Mergulhada nas palavras e ensinamentos que Nick tentava passar, Catarina apertava o livro em suas mãos e devorava as páginas sem ver o tempo passar e, por poucos minutos, conseguia parar de pensar no que a esperava em casa. “Escreva, desenhe, pinte, fotografe, dance, costure, atue, cante. Portanto, quando estiver ruim, lembre-se destas duas letras que formam uma palavra. GO. Vá. Vá em frente. Apenas faça...”.
– É Catarina, o nome dela! – Cochichava Mariana, sem conseguir ser muito discreta.
                – Como é que você sabe? A menina acabou de chegar, Mariana! – Diz Rodrigo, que sempre discorda de tudo que ela fala.
                – Quem? Quem é Catarina? – Perguntava Pedro, puxando uma cadeira para participar da conversa.
                – A menina novata... – Responde Mariana, enquanto puxa a cadeira para sentar perto de Pedro.
                – Ah, é Catarina o nome dela? A desligada, né?  – Responde Pedro, levantando para tomar o chiclete da mão de Rodrigo. – Mas como é que você sabe o nome dela?
                – Ela sentou no meu lugar, você não percebeu? – Mariana diz, demonstrando ciúme.            
    – Hm... – Pedro resmunga sem dar muita atenção.
                – Pra acabarem as dúvidas, vou perguntar... – Rodrigo levanta e senta na cadeira a frente da de Catarina, olha para o livro em suas mãos e de imediato diz: – “Just people can save people”?             
                – Não, só você pode salvar a si mesmo.
                O silêncio entre eles durou três segundos.
                – Rodrigo, o garoto que vai lhe salvar.  – Ele diz, sorri e estende a mão para Catarina.
                – Catarina. – Ela sorri e afasta os cabelos dos olhos.
                – Catarina... Você é nova na cidade ou só mudou de escola?
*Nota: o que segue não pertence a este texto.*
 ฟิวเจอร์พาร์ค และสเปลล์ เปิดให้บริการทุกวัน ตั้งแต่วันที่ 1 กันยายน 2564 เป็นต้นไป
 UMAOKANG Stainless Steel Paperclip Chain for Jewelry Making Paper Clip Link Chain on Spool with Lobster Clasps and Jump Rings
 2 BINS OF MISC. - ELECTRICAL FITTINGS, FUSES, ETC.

Meus pais são separados, os seus moram aqui com você? Você tá gostando da cidade? Já tem planos pro fim de semana? Vai ter um show da banda dos meninos na praça...
                – Você sempre assusta os novatos assim? – Pedro pergunta e puxa Rodrigo pelo braço deixando-o meio sem jeito ­– Vamos deixar a garota respirar, com licença. Catarina sorri.
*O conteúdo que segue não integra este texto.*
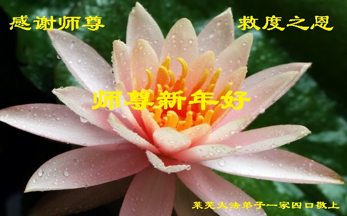 我们一家四口是原辽宁抚顺市的大法弟子,来到美国已经近三年的时间,在新年来临之际,再一次感谢师父的慈悲救度!师父,您为我们和宇宙众生承受了太多、太多。我们用尽人类的语言也无法表达对师尊的感恩。只有在正法的最后时刻实修自己,努力做好三件事,兑现我们自己的史前誓约。
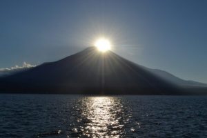 後半は晴天続き!この時期には山中湖畔からダイヤモンド富士が見れます。近くの長池親水公園からは11月上旬が見頃、この時はベストスポットを求め「ママの森」まで湖岸を歩いて撮影してみましたが、まだ少し山頂とはずれがありました。
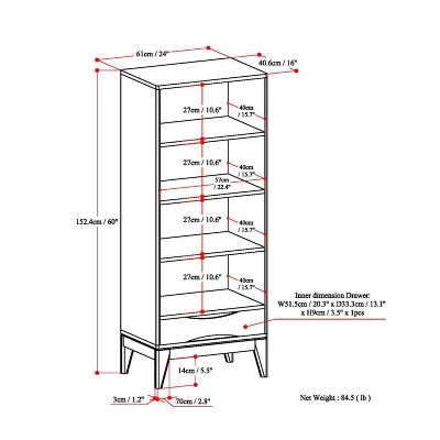 | Dimensions (Overall) | 60 (H) x 24.02 Inches (W) x 15.94 Inches (D) |
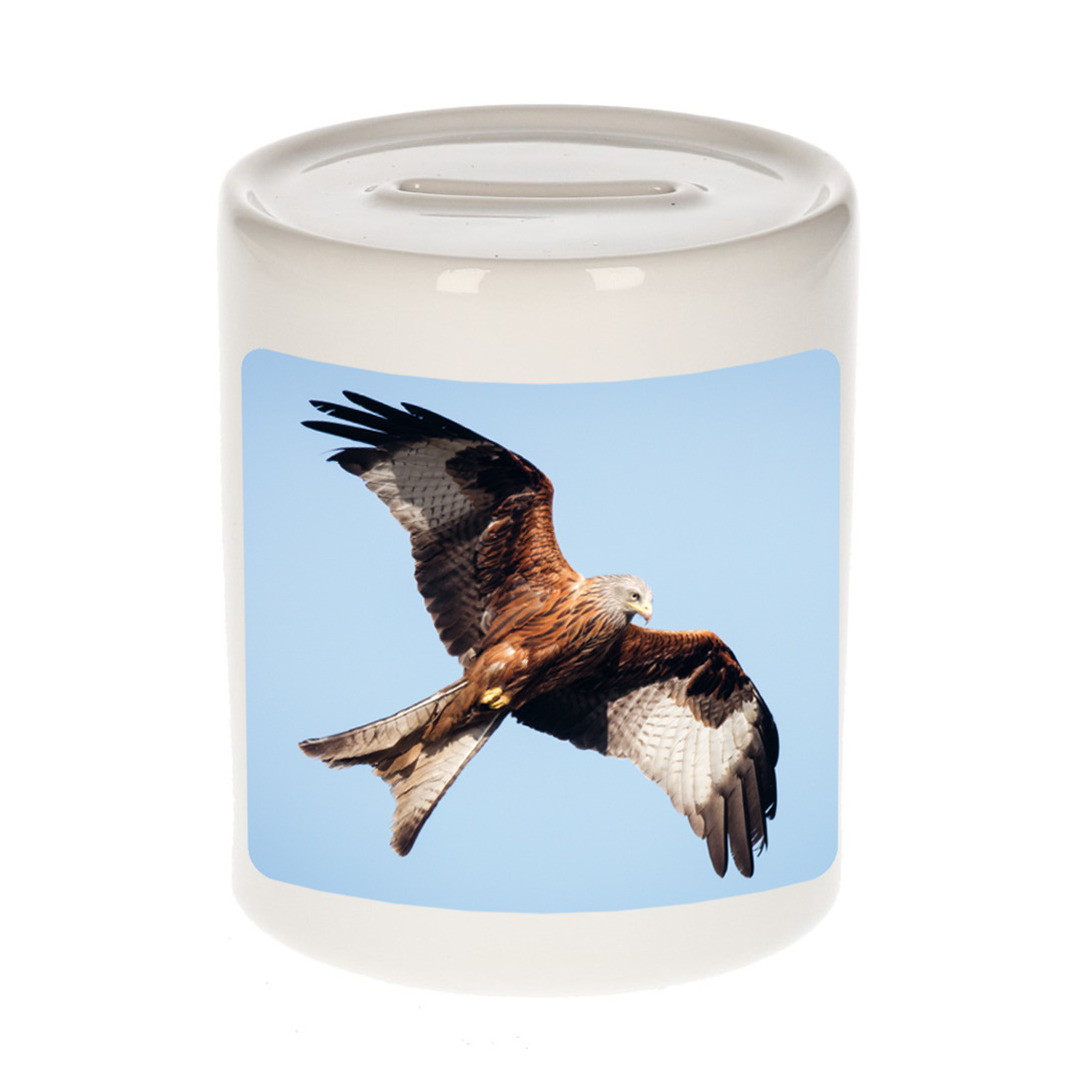 Dieren foto spaarpot rode wouw roofvogel wit 9 cm. Deze spaarpot is aan twee kanten bedrukt met een mooie rode wouw roofvogel foto. Een musthave voor een echte dieren/ vogels liefhebber of iemand die alles van vogels spaart. Erg leuk om cadeau te doen aan een echte vogels fan!
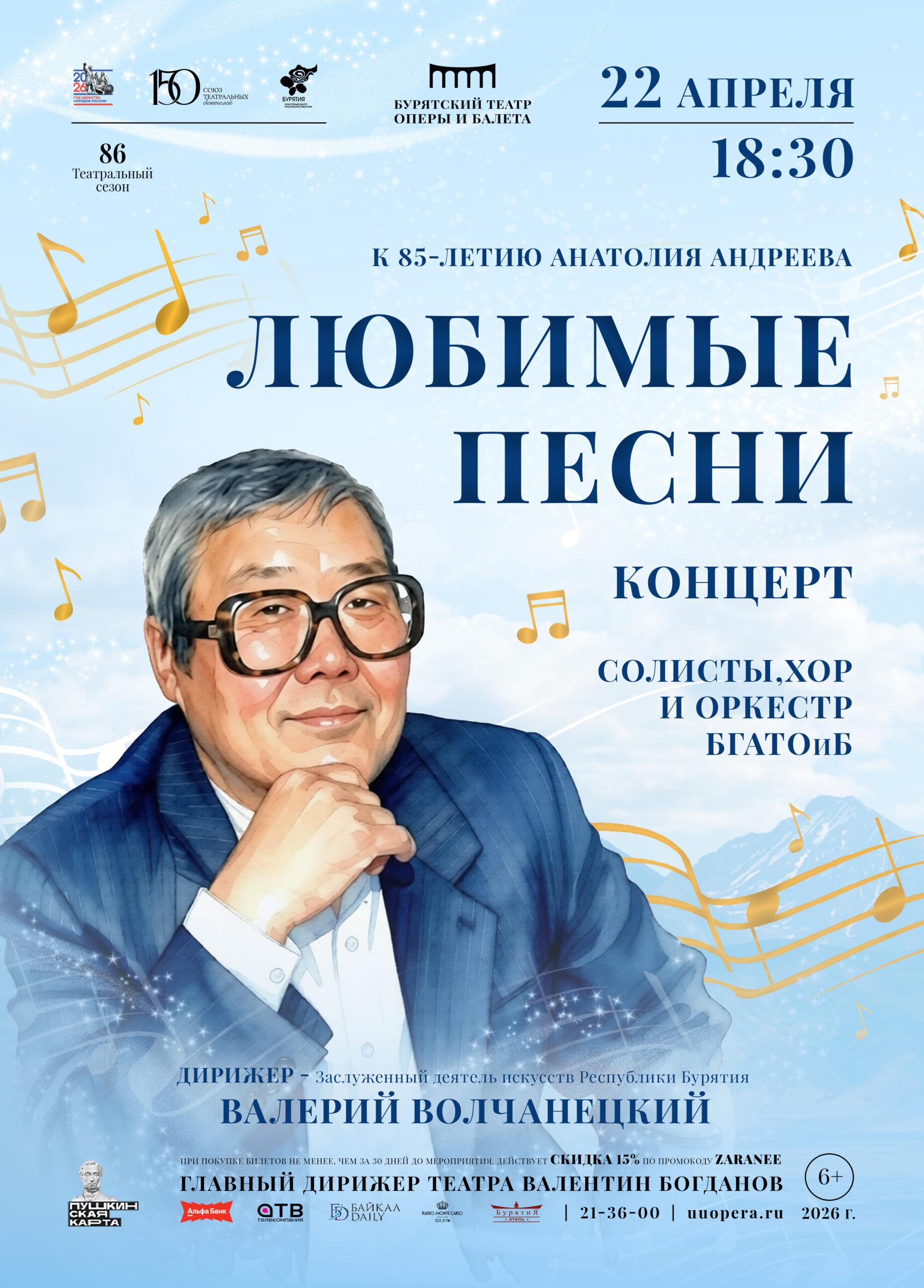 На сцене Бурятского театра оперы и балета зазвучат «Любимые песни» композитора Анатолия Андреева. Концерт станет признанием в любви человеку, чей мелодический дар стал неотъемлемой частью нашей жизни. Концерт станет настоящим событием для всех, кто любит музыку, звучащую в самом сердце Бурятии.

                O sinal já tem tocado sem que eles percebessem e o professor já começava a gritar: GRUPOS DE TRÊS! GRUPOS DE TRÊS! NA ORDEM DAS FILAS! VAMOS GENTE, NÃO ESTÃO ESCUTANDO?! E rapidamente os grupos se formam, deixando algumas pessoas não muito felizes...
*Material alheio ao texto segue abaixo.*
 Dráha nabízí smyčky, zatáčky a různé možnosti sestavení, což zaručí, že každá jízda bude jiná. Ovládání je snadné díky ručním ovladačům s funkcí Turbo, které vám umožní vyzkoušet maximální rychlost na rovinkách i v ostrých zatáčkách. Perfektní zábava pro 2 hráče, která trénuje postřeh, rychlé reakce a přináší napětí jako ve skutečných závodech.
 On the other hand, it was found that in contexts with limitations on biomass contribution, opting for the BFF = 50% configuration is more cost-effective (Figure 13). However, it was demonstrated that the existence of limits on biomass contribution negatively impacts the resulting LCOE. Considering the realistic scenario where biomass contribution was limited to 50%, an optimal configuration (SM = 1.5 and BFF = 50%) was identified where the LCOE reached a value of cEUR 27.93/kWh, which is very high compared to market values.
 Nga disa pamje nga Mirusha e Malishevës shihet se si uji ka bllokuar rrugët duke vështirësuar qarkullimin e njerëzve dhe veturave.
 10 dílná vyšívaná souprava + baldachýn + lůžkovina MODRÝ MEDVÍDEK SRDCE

                – Mas Samantha sempre fica no nosso grupo, Rodrigo é quem gosta dos novatos... – Mariana reclamava com Pedro sem perceber que Catarina percebia.
                – Mariana, deixa de drama! Não quer ficar com a novata, troca de grupo! – Pedro sem muita paciência arrasta a cadeira e senta do lado de Catarina e em seguida Mariana faz o mesmo.
                – É Catarina, né? – Pedro pergunta e estende a mão para cumprimentá-la. – Pedro.
                Sem muita demora Mariana tenta mudar o clima de inimizade que ela criara há segundos e ensaia um sorriso sem muito sucesso pra Catarina.
                – Então vamos começar, né? – Mariana diz.
                As discussões a respeito do assunto começavam a irritar Mariana, principalmente pelas ideias de Catarina serem sempre compatíveis com as de Pedro, que propositalmente ia de contra a qualquer afirmação ou questionamento dela. E assim a aula se passou e quando o sinal tocou foi como um alívio pra Catarina que quase sufocava no jogo psicológico de Pedro e Mariana de quem-afeta-quem. Arrumando seu material Catarina escuta Pedro comentar com Rodrigo: – Ela não é tão chata quanto eu pensei. – Sorri e sai da sala pensando, novamente, no papel que deixara em casa mais cedo.
                Chegando em casa Catarina se apressa em subir as escadas, tranca a porta do quarto, joga a mochila no chão, senta na cama e abre a caixa outra vez. Desdobra cuidadosamente o papel e começa a ler.